Playlists number playing n songs goal times, repeating each once in a k times

Intuition

We can search through the problem space, taking each new song with the given rules: song can be repeated only after another k song got played. When we have the goal songs, check if all distinct songs are played.

We can cache the solution by curr and used map, but that will give TLE.

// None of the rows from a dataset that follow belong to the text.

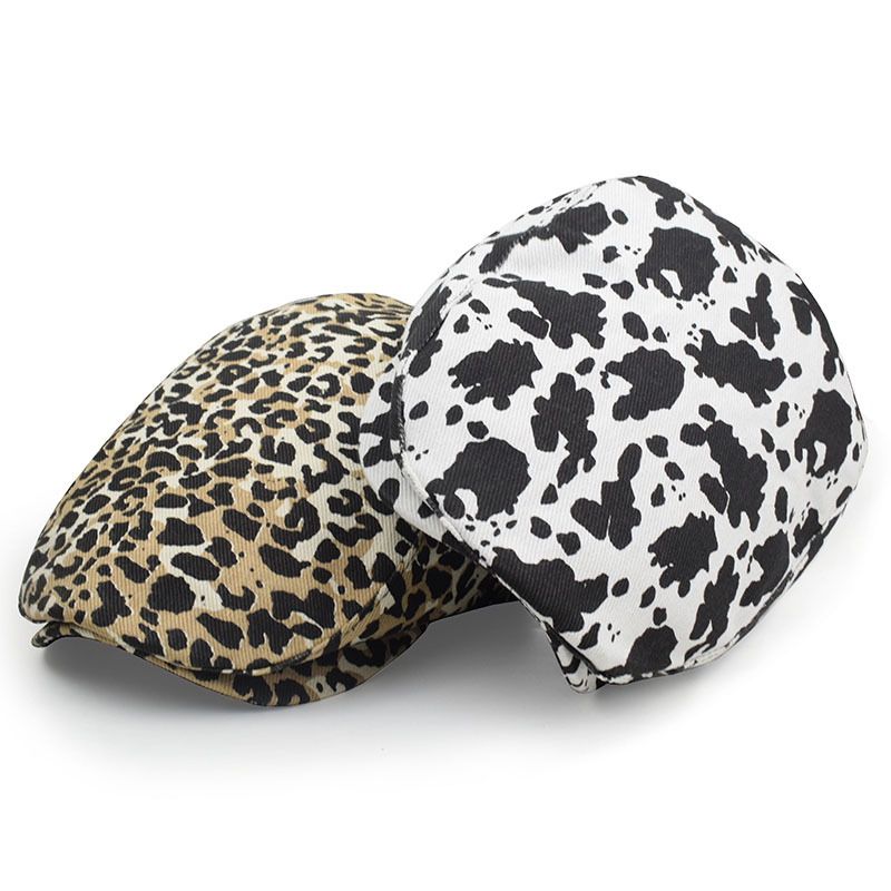 欧美豹纹前进帽复古潮搭贝雷帽女士时尚网红报童帽亚马逊跨境外贸
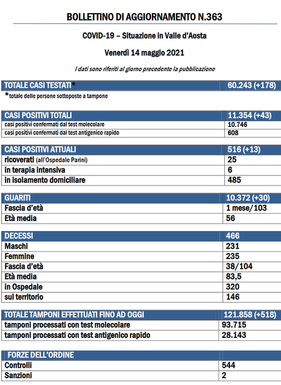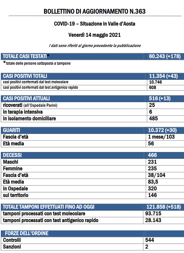 Aumentano i contagi da coronavirus in Valle d'Aosta: nelle ultime 24 ore sono stati rilevati 43 nuovi casi positivi al Covid-19 su 178 persone sottoposte a tampone.
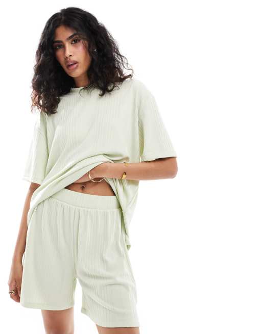 ASOS DESIGN - Grønt sæt med shorts og T-shirt med tekstur
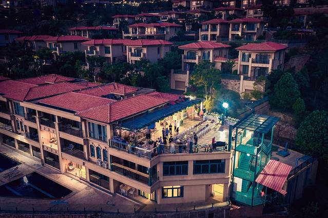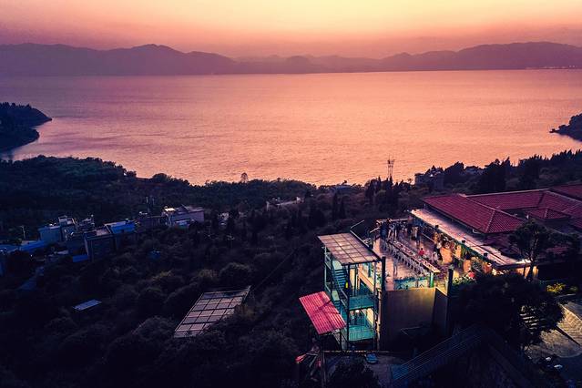 傍晚返回希尔顿酒店,在对面的度假村里的二楼平台上享受烧烤大餐,从这里可以看到抚仙湖湖边的夜景,就连天空都还是带着粉色的,远处一幢幢层次不齐的小楼亮着光,就像小希腊一样。还有云南本地歌手唱着当地的歌谣,这个夜晚变得更加迷人了。
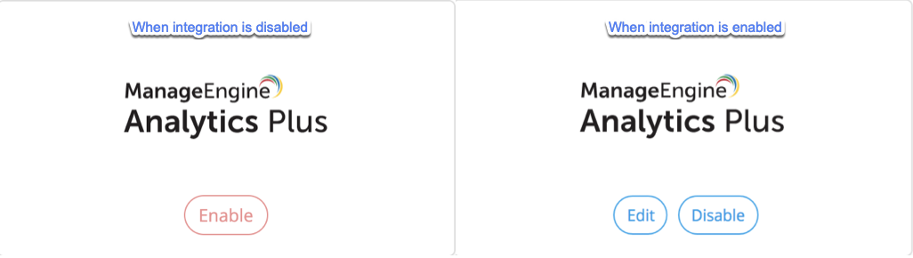 在集成ManageEngine页面,您将看到Analytics Plus,该模块根据集成是启用还是禁用,如下所示以下任何图像:
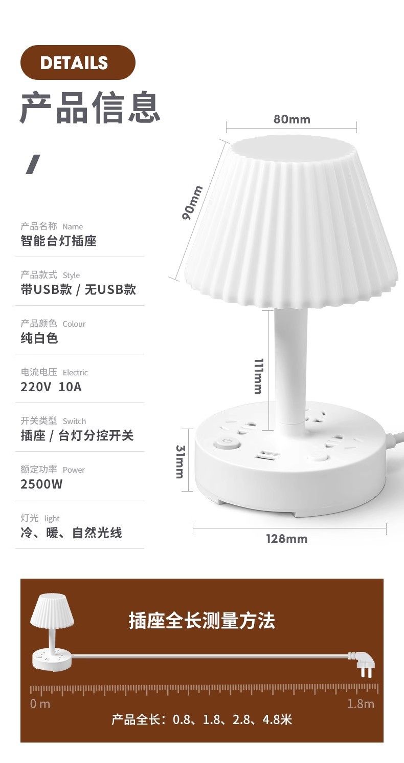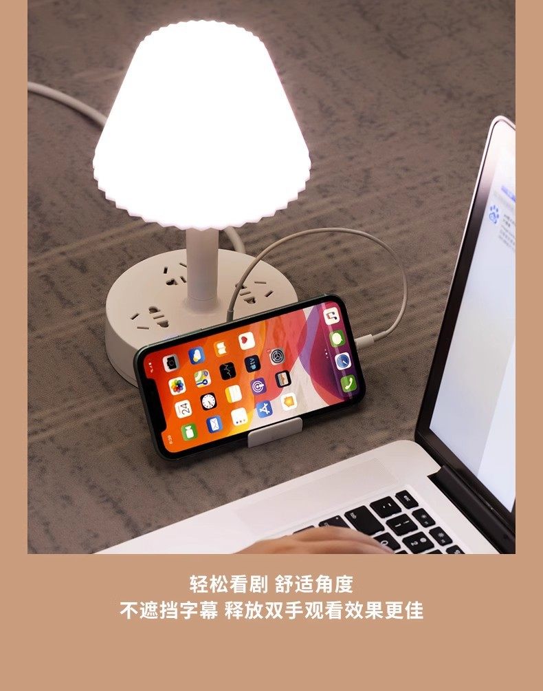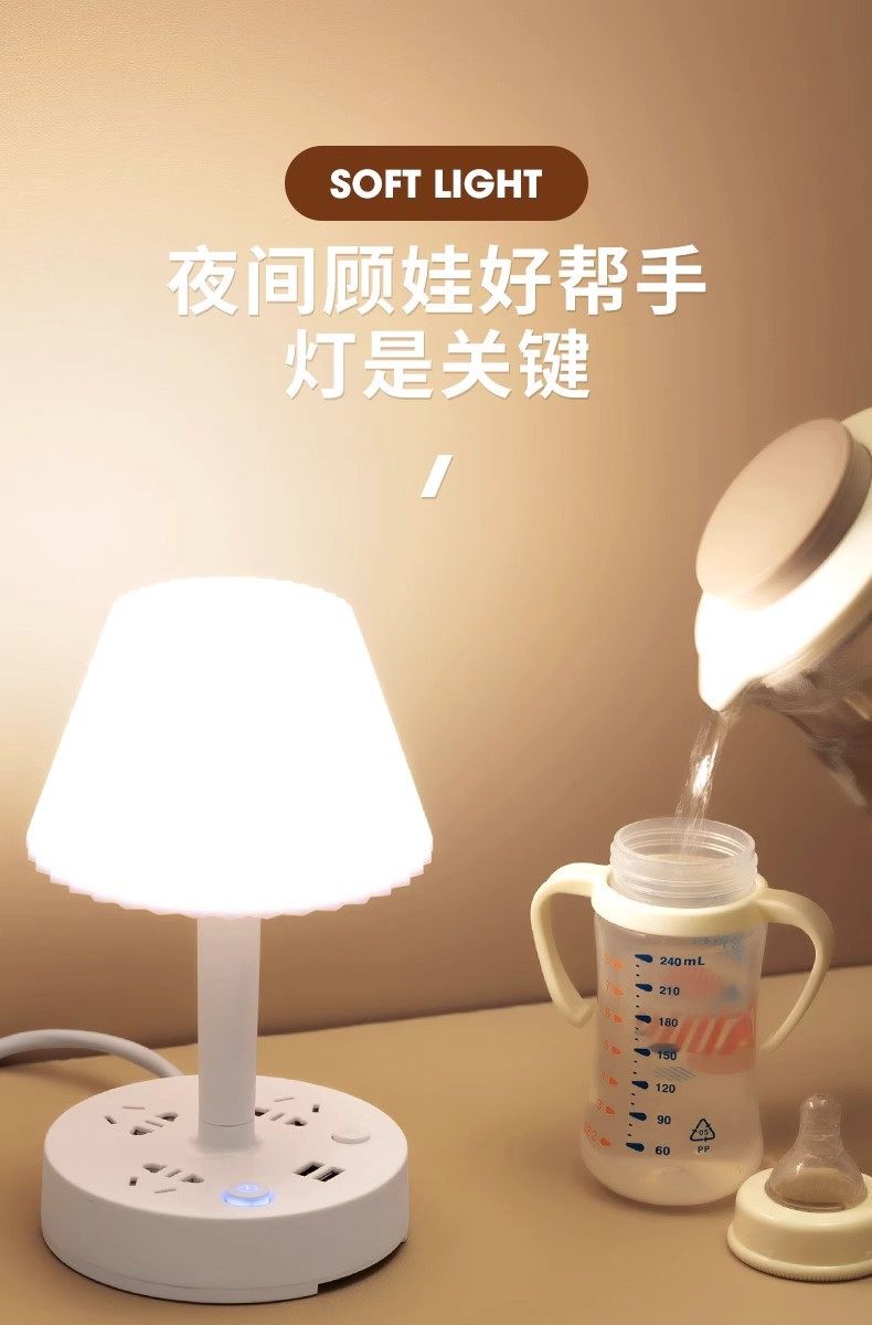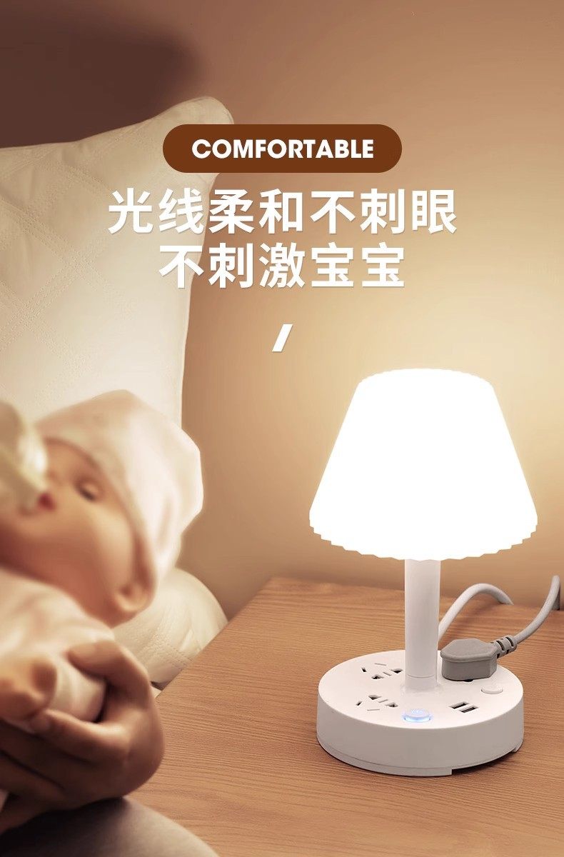 Multi-functional desk lamp socket integrated eye protection bedside lamp multi-position cooling and heating light household LED bedroom lamp insert row
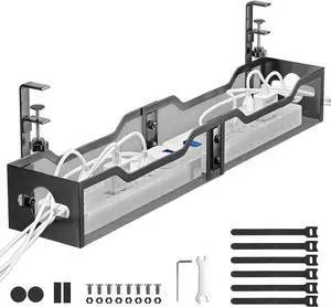 Under Desk Cable Management Tray Black, Cable Management Under Desk No Drill, 25'' Cable Tray with Clamp for Wire Management, Cord Organizer for Office, Home - No Damage to Table
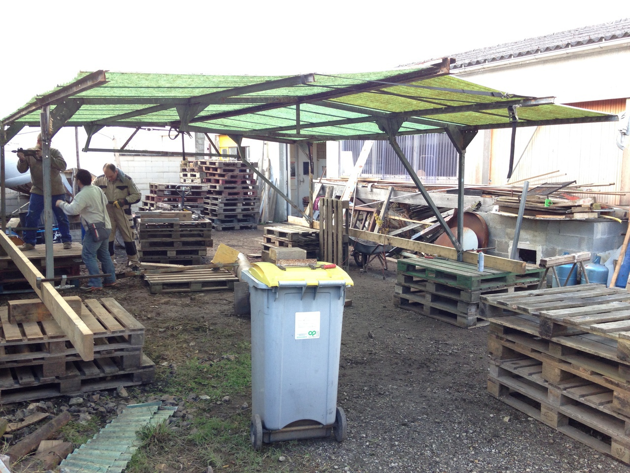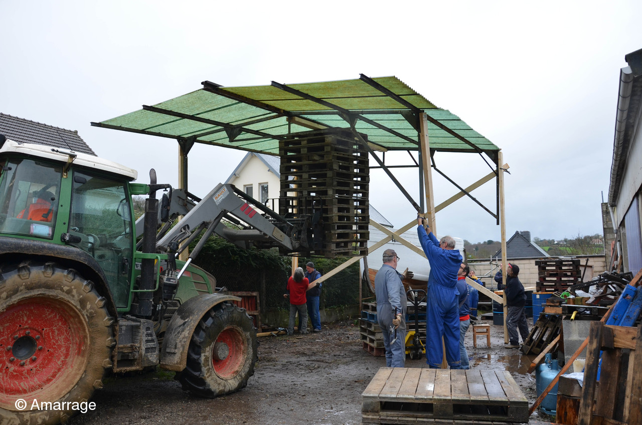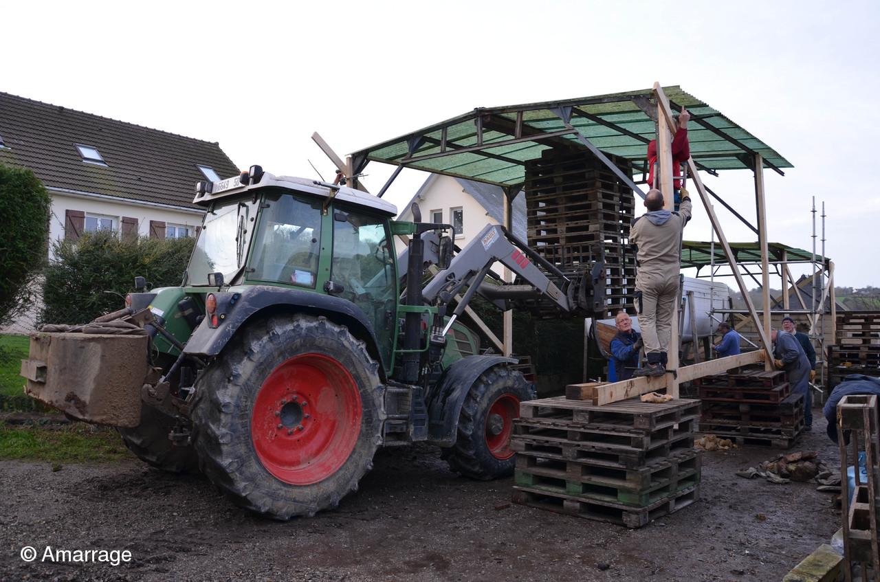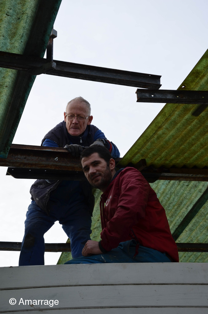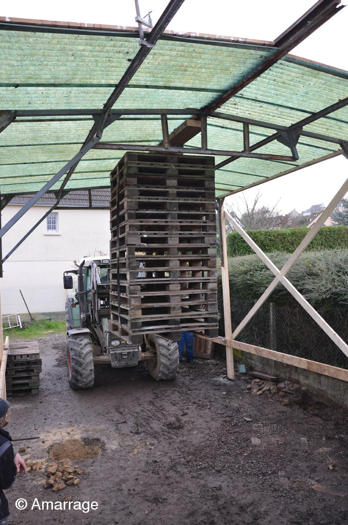 Vendredi 11: la mise en place de la première moitié du hangar a été réalisée aujourd'hui. Un grand merci à Christophe qui nous a donné un super coup de main avec son gros tracteur, sa dextérité à la manoeuvre et sa bonne humeur....
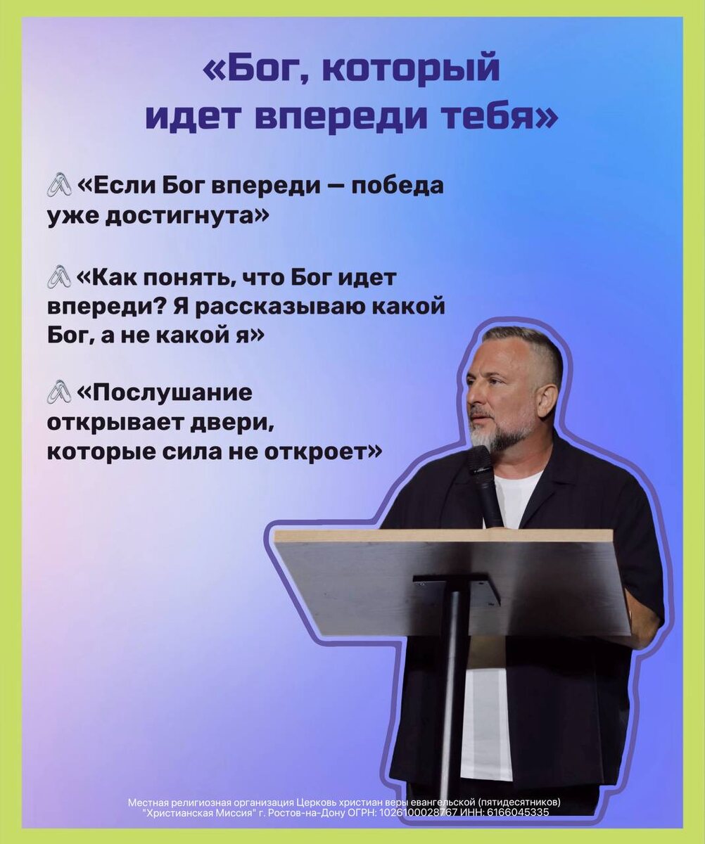 В это воскресенье в нашей церкви было особенное богослужение ⛪️💫 Епископ говорил о том, как определить, что Бог идёт впереди нас. Что даже когда нам кажется, будто впереди неизвестность — Он уже там, идет впереди тебя, готовит дорогу, чтобы ты мог войти в новое без страха. Мы собрали для вас несколько мыслей, которые особенно откликнулись: 🔴«Бог не оставляет нас на перепутье — Он идёт первым, расчищая тебе дорогу.» 🔴«Послушание — это не ограничение, а защита.» 🔴«Иногда кажется, что Бог медлит, но Он просто готовит место, куда тебе предстоит войти.» 🔴«Мы часто хотим, чтобы Бог шёл за нами и благословлял наш выбор, но настоящий путь начинается, когда мы позволяем Ему идти впереди.» 🔴«Вера — это не отсутствие страха, а шаг навстречу туда, где уже побывал Бог.» Когда Бог идёт впереди, будьте уверены в том, что дорога для вас уже приготовлена. Оставляйте реакции на этот пост, если хотите, чтобы мы делали такие выжимки из воскресного слова ❤️
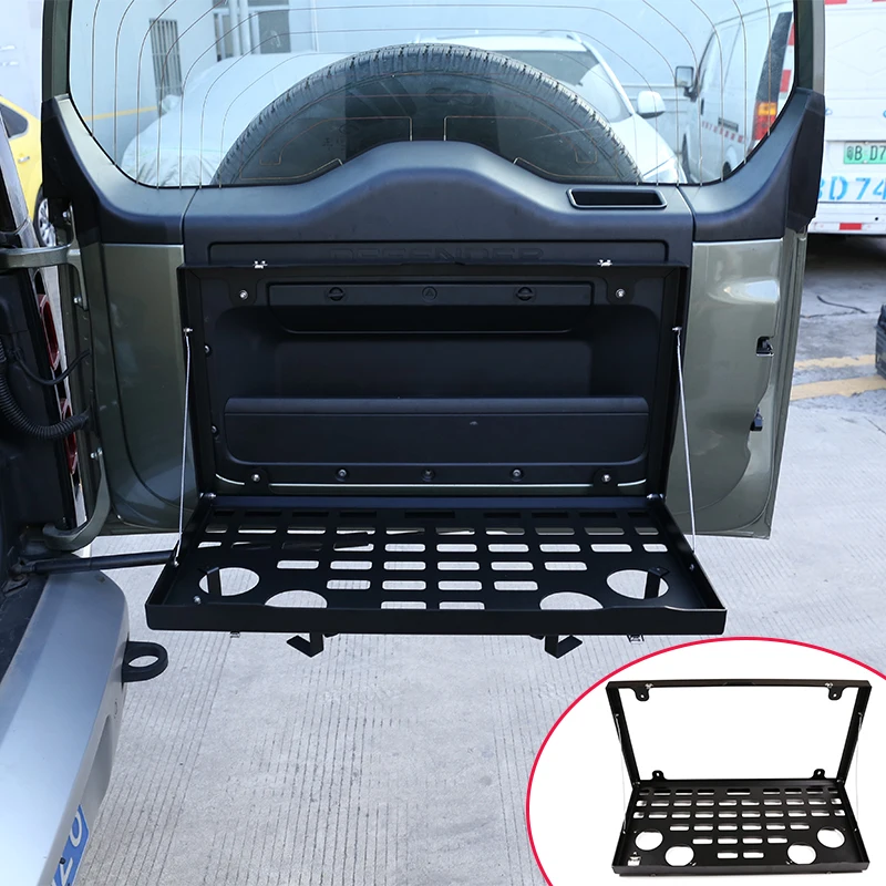 - For Land Rover Defender 2020-22 Tailgate Table Rear Door Cargo Luggage Carrier Foldable Shelf Storage Rack Alloy Car Accessories
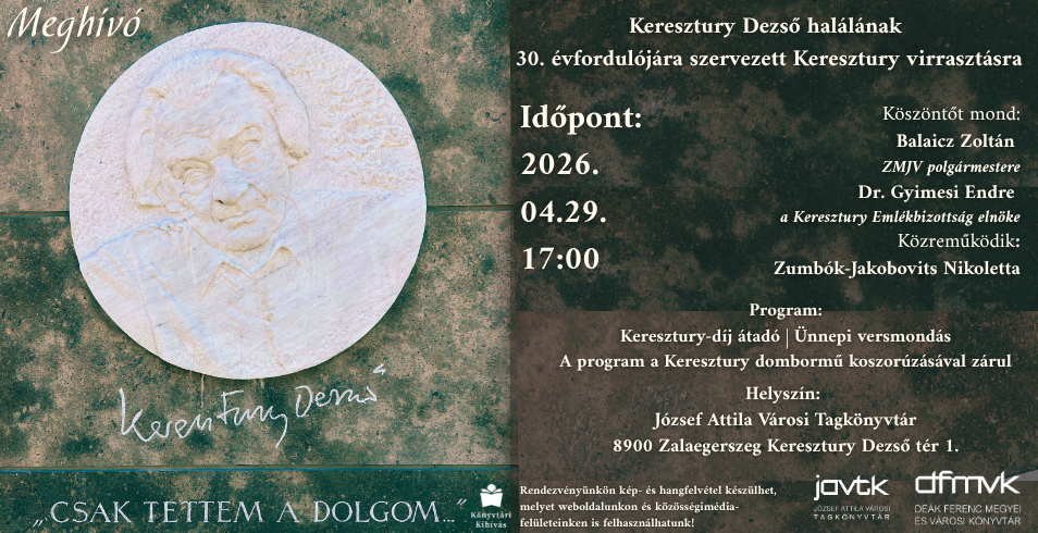 Megemlékezés Keresztury Dezső halálának 30. évfordulóján Zalaegerszegen. Ünnepi műsor, díjátadó és koszorúzás a József Attila Városi Tagkönyvtárban.
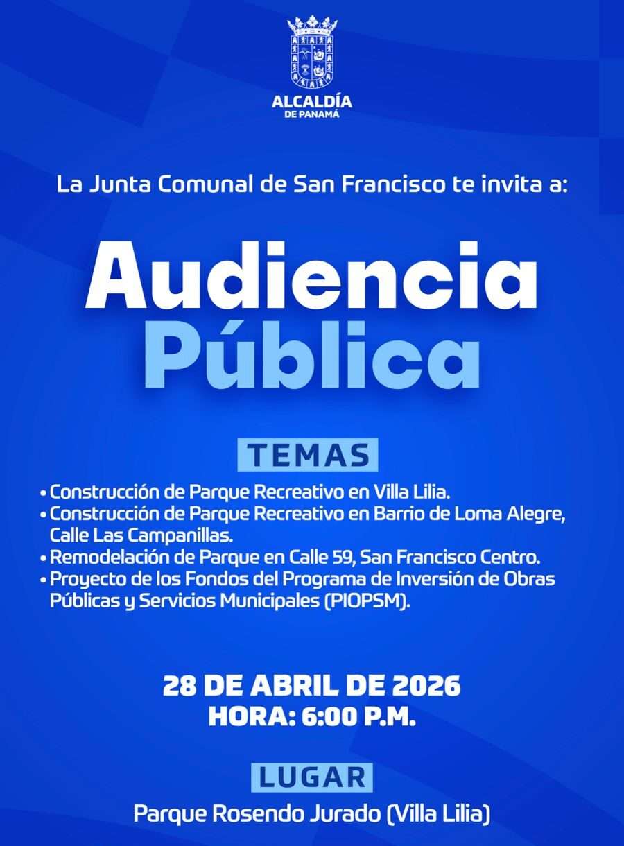 Foto archivo. La Alcaldía de Panamá convoca a los ciudadanos a participar de la Audiencia Pública que se realizará este martes 28 de abril a las 6:00 p.m., en el Parque Rosendo Jurado de Villa Lilla, corregimiento de San Francisco.
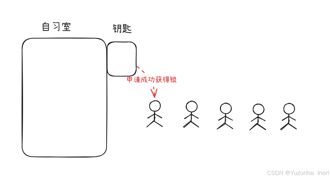 形象理解: 现在有一个自习室,只能容纳一个人进入其中。 大家都来争抢锁,只有获得锁的人才能够进入自习室!在你获得锁的期间,没有任何人没有进入自习室,必须等待你归还钥匙,解锁后。再次获得锁的人才能够进入自习室。 在你获得锁的期间,即使你出去上厕所或者吃饭,只要你没有归还锁,这个自习室依然是只有你可以进入的。

The hard trick here is that the result only depends on how many distinct songs are played.

Approach

Use DFS and memo.

Complexity

• Time complexity:
  O(n^2)

• Space complexity:
  O(n^2)

Code

    fun numMusicPlaylists(n: Int, goal: Int, k: Int): Int {
        val cache = mutableMapOf<Pair<Int, Int>, Long>()
        fun dfs(curr: Int, used: Map<Int, Int>): Long = cache.getOrPut(curr to used.size) {
          if (curr > goal) { 
            if ((1..n).all { used.contains(it) }) 1L else 0L 
          } else (1..n).asSequence().map { i -> 
              if (curr <= used[i] ?: 0) 0L else
                dfs(curr + 1, used.toMutableMap().apply { this[i] = curr + k })
            }.sum()!! % 1_000_000_007L
        }
        return dfs(1, mapOf()).toInt()
    }